Case ID: so2d_389/html/0688-01.html
Source: Caselaw Access Project
Author: {"author": "COWART, Judge.", "license": "Public Domain", "url": "https://static.case.law/"}
Date Created: 2024-08-24T03:29:51.129683

Valerie FLOYD, Appellant, v. The HOUSING AUTHORITY OF the CITY OF ORLANDO, Florida, Appellee.
    No. 79-506.
    District Court of Appeal of Florida, Fifth District.
    Oct. 29, 1980.
    James C. Hauser of Greater Orlando Area Legal Services, Inc., Orlando, for appellant.
    Marie P. Evans of Anderson & Rush, Orlando, for appellee.
   COWART, Judge.

Appellant and other tenants first appealed a partial summary judgment giving the appellee Housing Authority possession of leased premises. While that appeal was pending in this court the appealed judgment was stayed on the condition that the appellant pay her rent into the court registry. The appellant failed to pay as required and defended her failure on the ground that under her lease she was entitled to a rent reduction because of certain facts she considered a hardship. The trial court held against her contentions, vacated the stay order and entered a final judgment of eviction. This second appeal was taken from these later acts of the trial court.

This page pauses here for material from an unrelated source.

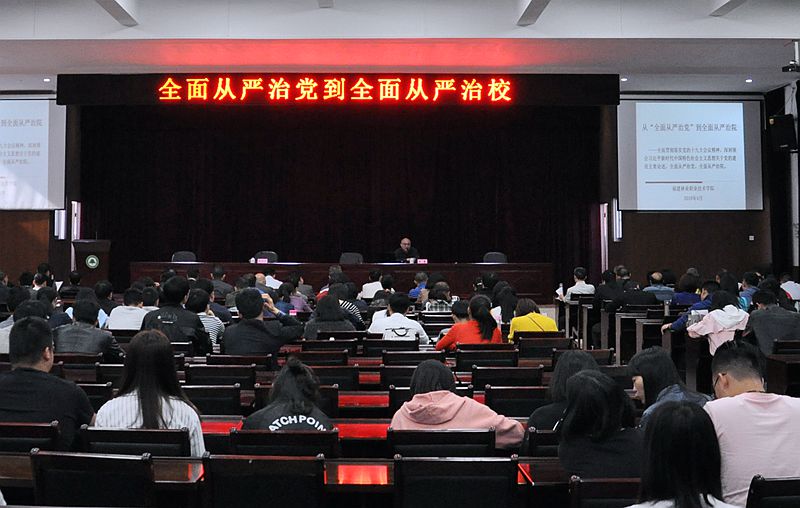4月17日,为深入学习贯彻习近平新时代中国特色社会主义思想,党的十九大、十九届中央纪委二次全会和省纪委十二届三次全会精神,认真落实全国全省教育系统关于加强全面从严治党工作的部署,扎实推进学院全面从严治党向纵深发展,努力把管党治党责任落到实处、见到实效,学院党委在江南校区礼堂召开了2018年全面从严治党工作会议。院领导班子成员,全体党员和副科级以上干部参加了会议。会议由党委副书记、院长万泉主持。

In the meantime, this court has disposed of the first appeal by reversing the partial summary judgment and directing the eviction complaint be dismissed without prejudice. See Quinn v. Housing Authority of the City of Orlando, Florida, 385 So.2d 1167 (Fla. 5th DCA 1980).

The propriety of the trial court’s order vacating the order staying the Housing Authority’s right to possession pending the first appeal is now moot and because the final judgment of eviction is based on the defective eviction complaint and on the reversed partial summary judgment, it must also be

REVERSED.

DAUKSCH, C. J., and FRANK D. UP-CHURCH, Jr., J., concur.